▸ **ASSIGNED TASK**:
For the entries below, the result should be an exact transcription of the lines from the one with "而过去十年航运业经历过的大规" up to and including the one with "In serata l’estate", and only those.

Top of DATA

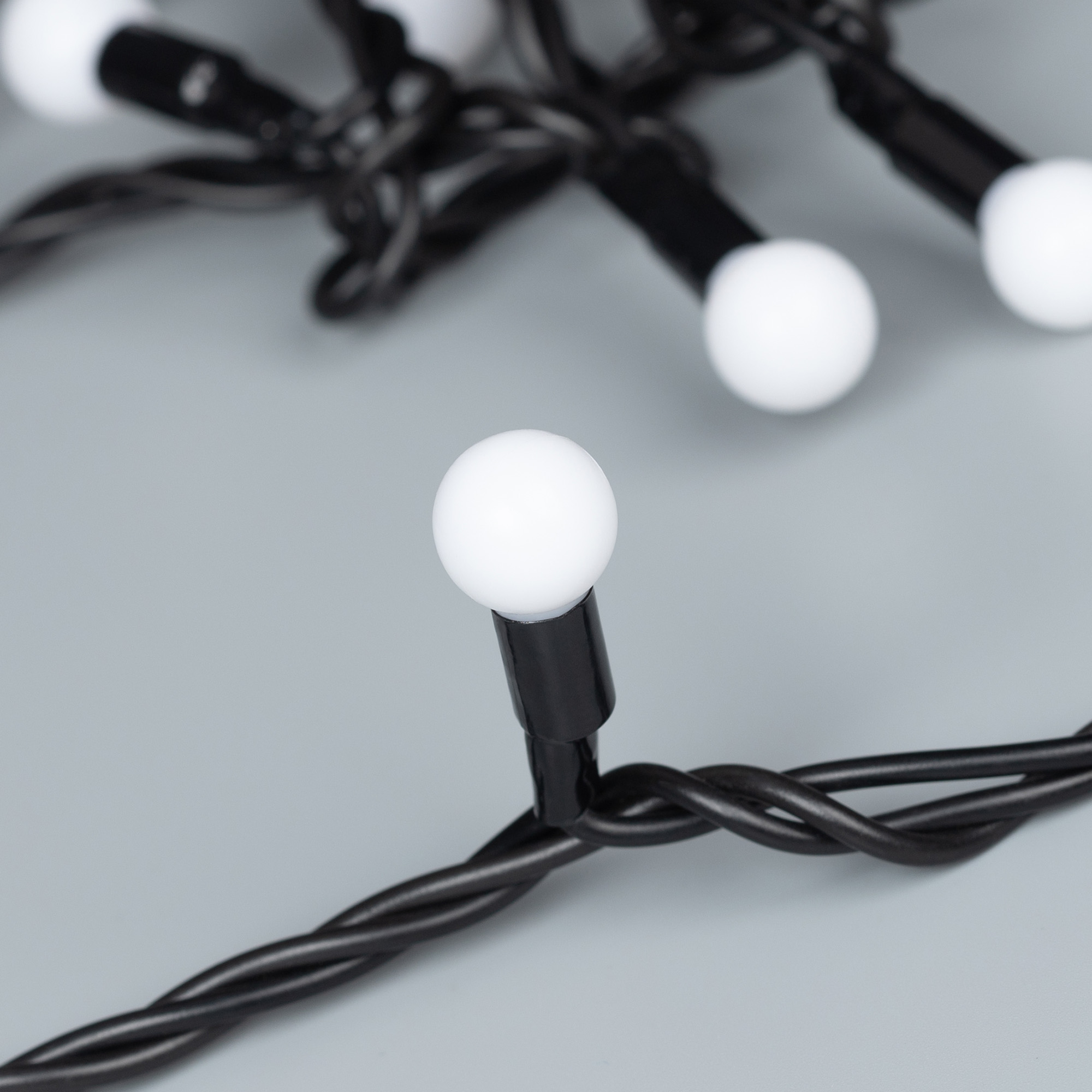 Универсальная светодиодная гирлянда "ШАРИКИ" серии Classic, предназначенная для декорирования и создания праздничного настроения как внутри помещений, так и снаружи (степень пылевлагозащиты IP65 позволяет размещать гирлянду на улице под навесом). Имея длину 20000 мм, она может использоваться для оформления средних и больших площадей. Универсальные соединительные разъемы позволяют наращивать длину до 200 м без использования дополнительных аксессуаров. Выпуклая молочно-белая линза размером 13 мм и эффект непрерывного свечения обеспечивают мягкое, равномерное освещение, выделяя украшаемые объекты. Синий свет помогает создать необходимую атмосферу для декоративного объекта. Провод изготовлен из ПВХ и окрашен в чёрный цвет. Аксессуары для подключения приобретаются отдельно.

Bottom of DATA
Top of DATA

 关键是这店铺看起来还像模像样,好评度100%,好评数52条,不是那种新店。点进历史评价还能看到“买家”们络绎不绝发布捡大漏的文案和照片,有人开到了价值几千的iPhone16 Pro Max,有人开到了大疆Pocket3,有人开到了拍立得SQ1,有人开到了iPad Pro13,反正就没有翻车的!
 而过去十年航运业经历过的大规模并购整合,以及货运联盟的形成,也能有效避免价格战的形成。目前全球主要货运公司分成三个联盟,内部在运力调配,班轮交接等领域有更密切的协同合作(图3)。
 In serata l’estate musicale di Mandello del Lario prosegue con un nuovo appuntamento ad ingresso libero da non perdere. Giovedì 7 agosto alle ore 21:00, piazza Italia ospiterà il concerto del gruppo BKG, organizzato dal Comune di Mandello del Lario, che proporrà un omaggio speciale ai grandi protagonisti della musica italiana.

Bottom of DATA

▸ **RESULT BELOW**:
 而过去十年航运业经历过的大规模并购整合,以及货运联盟的形成,也能有效避免价格战的形成。目前全球主要货运公司分成三个联盟,内部在运力调配,班轮交接等领域有更密切的协同合作(图3)。
 In serata l’estate musicale di Mandello del Lario prosegue con un nuovo appuntamento ad ingresso libero da non perdere. Giovedì 7 agosto alle ore 21:00, piazza Italia ospiterà il concerto del gruppo BKG, organizzato dal Comune di Mandello del Lario, che proporrà un omaggio speciale ai grandi protagonisti della musica italiana.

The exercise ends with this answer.